The aim of the APAC Regulatory Coordination Forum is to provide guidance rather than mandate how regulations should be. It serves as a platform to transparently share information, collaborate on inputs such as data or safety assessments, and provide open discussions and viewpoints between partners across the APAC region.

The work of the APAC Regulatory Coordination Forum focuses on all aspects of cultivated foods fit for human consumption, and is intended to complement activities carried out by the regulators, to assist in the mutual recognition of coordinated regulatory frameworks in APAC, and in doing so to minimise unnecessary trade barriers and cost to consumers.

“The APAC Regulatory Coordination Forum is a brainchild project of the APAC Society for Cellular Agriculture. We understand that such a platform can facilitate open and transparent discussions regarding regulatory matters in cellular agriculture.

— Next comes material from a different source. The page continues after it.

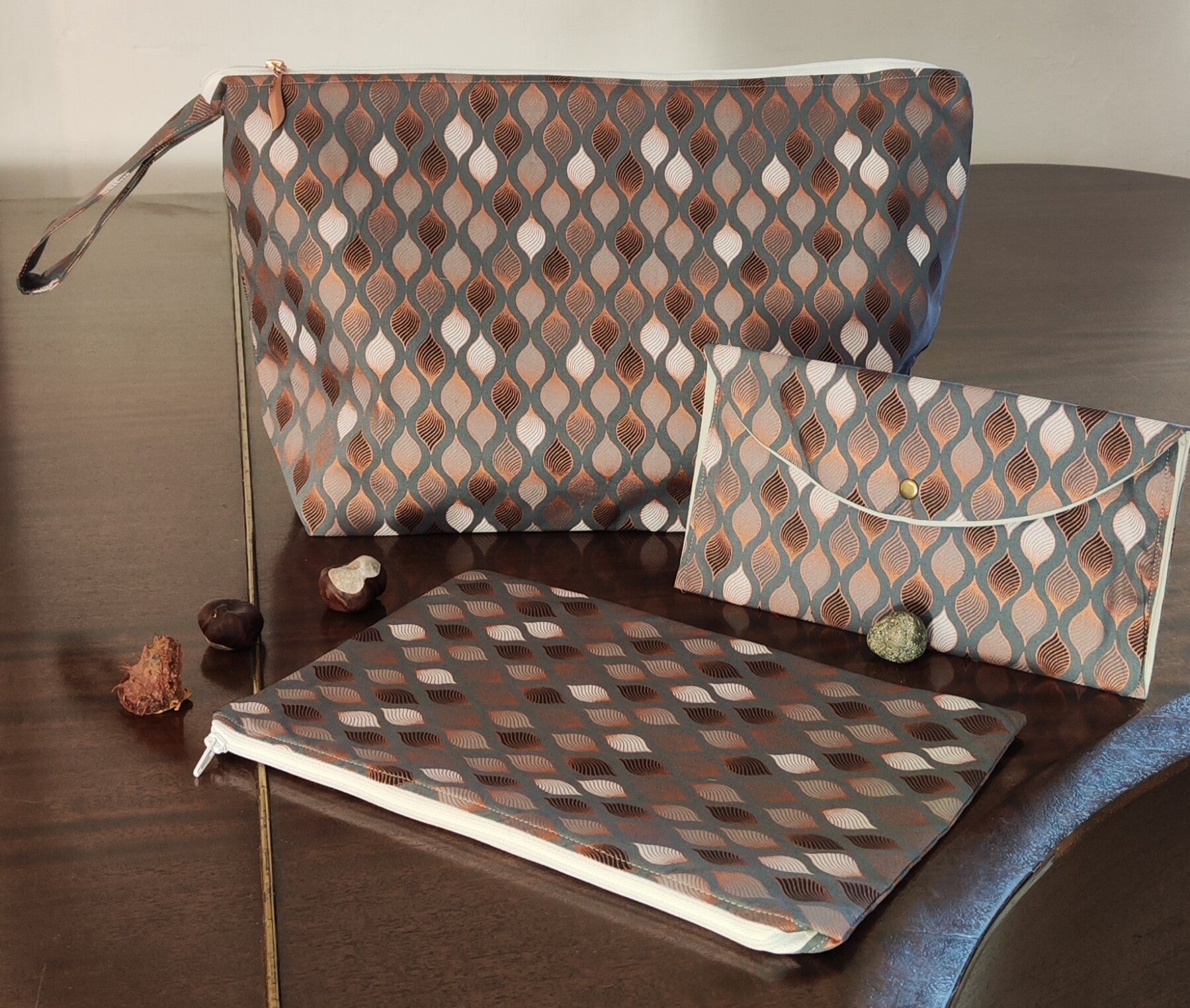 Composé de trois éléments dans un tissu de coton chatoyant et irisé.

We hope that through the Forum, we will be able to build a repository of information that can aid in regulatory coordination across the APAC region, while providing a pathway for new jurisdictions to quickly get up to speed. 

Ultimately, we envision a clear and effective contingency for the industry as a whole towards commercialisation of cultivated food products across the region. We encourage the participation of any potential new members vested in these matters, located among any of our APAC member countries.”

Peter Yu,
Program Director at APAC-SCA

Cultivated meat outperforms all forms of conventional meat when renewable energy is used at a production facility, requiring dramatically lower levels of land and water and reducing meat’s climate footprint by up to 92 percent. It eliminates the risk of zoonotic disease spread from meat production and reduces the risk of antimicrobial resistance. Cultivated meat can deliver on the tastes and flavours consumers want without depleting the oceans or trees in the rainforests. It’s simply a smarter way to make meat—full stop. 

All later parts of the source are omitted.